Pergerakan harga emas batangan di Indonesia kembali menjadi sorotan utama para investor pada Minggu, 22 Februari 2026. Berdasarkan data terbaru dari Pegadaian, harga logam mulia dari berbagai produsen seperti Galeri24, UBS, dan Antam menunjukkan tren yang bervariasi. Fenomena ini memicu antusiasme masyarakat untuk memantau nilai aset mereka di tengah fluktuasi pasar global yang dinamis.
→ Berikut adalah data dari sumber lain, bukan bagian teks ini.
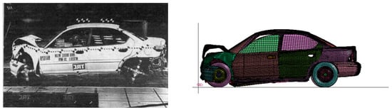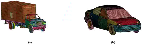 Two vehicle models were used in this study: one is Ford’s simplified model (35,353 elements) single-unit truck (SUT), and the other is a Dodge Neon (270,752 elements) (Figure 7) []. These models were downloaded from the NCAC website. The experimental tests include frontal collisions to verify each model [,]. Both models are highly correlated with the experimental results. Different vehicle speeds were investigated in this study. The vehicle’s initial speed ranged from 60 km/h to 100 km/h, and most of the vehicle’s initial speed is 100 km/h. The vehicle masses are 1.5 t for the Dodge Neon and 10 t for the Ford SUT. The quality of the Ford SUT changed when changing the quality of the goods, and the quality of the Dodge Neon changed when adjusting the quality of the engine. Table A6 in the Appendix A shows the vehicle model data and vehicle material parameters.

Emas produksi Galeri24 saat ini dibanderol dengan harga Rp3,047,000 untuk ukuran satu gram, sementara pecahan terkecil 0,5 gram berada di angka Rp1,597,000. Bagi investor skala besar, ukuran 100 gram dihargai sekitar Rp295,971,000 dan ukuran satu kilogram mencapai Rp2,952,443,000. Ketersediaan stok Galeri24 mencakup berbagai denominasi lengkap untuk memenuhi kebutuhan portofolio investasi yang beragam.

Di sisi lain, produk emas dari UBS menunjukkan nilai yang sedikit lebih tinggi dibandingkan Galeri24 pada hampir semua ukuran yang tersedia. Harga satu gram emas UBS tercatat sebesar Rp3,061,000, sedangkan untuk ukuran 500 gram menyentuh angka fantastis Rp1,487,130,000. Meskipun denominasi maksimal hanya sampai 500 gram, UBS tetap menjadi pilihan populer karena desain dan reputasi mereknya di pasar.

Emas batangan Antam tetap mempertahankan posisinya sebagai instrumen favorit berkat tingkat likuiditasnya yang sangat tinggi di masyarakat. Saat ini, harga satu gram emas Antam berada di level Rp3,012,000, sementara pecahan 10 gram dijual dengan harga Rp29,615,000. Untuk ukuran paling besar yakni satu kilogram, investor perlu merogoh kocek sekitar Rp2,952,600,000 guna mengamankan aset tersebut secara permanen.

Terdapat selisih harga yang cukup mencolok antara ketiga produsen tersebut, mulai dari puluhan ribu hingga jutaan rupiah tergantung ukuran beratnya. Perbedaan ini dipengaruhi oleh beberapa faktor teknis seperti biaya produksi, margin keuntungan distributor, hingga permintaan pasar yang fluktuatif. Calon pembeli disarankan untuk membandingkan harga secara teliti guna mendapatkan nilai investasi yang paling optimal sesuai anggaran.

Selain faktor internal produsen, pergerakan harga emas di dalam negeri sangat bergantung pada kondisi ekonomi global dan nilai tukar rupiah. Ketidakpastian geopolitik seringkali membuat emas menjadi aset aman atau safe haven yang paling dicari oleh para pelaku pasar modal. Oleh karena itu, harga yang tertera hari ini dapat berubah sewaktu-waktu mengikuti dinamika perdagangan internasional yang terus berjalan setiap harinya.

Memilih jenis emas yang tepat memerlukan pertimbangan matang mengenai tujuan investasi jangka panjang serta kemudahan saat ingin menjualnya kembali. Baik Antam, UBS, maupun Galeri24 memiliki keunggulan masing-masing yang dapat disesuaikan dengan strategi finansial setiap individu. Pastikan Anda selalu memverifikasi harga melalui kanal resmi sebelum melakukan transaksi jual beli logam mulia untuk menghindari kerugian finansial.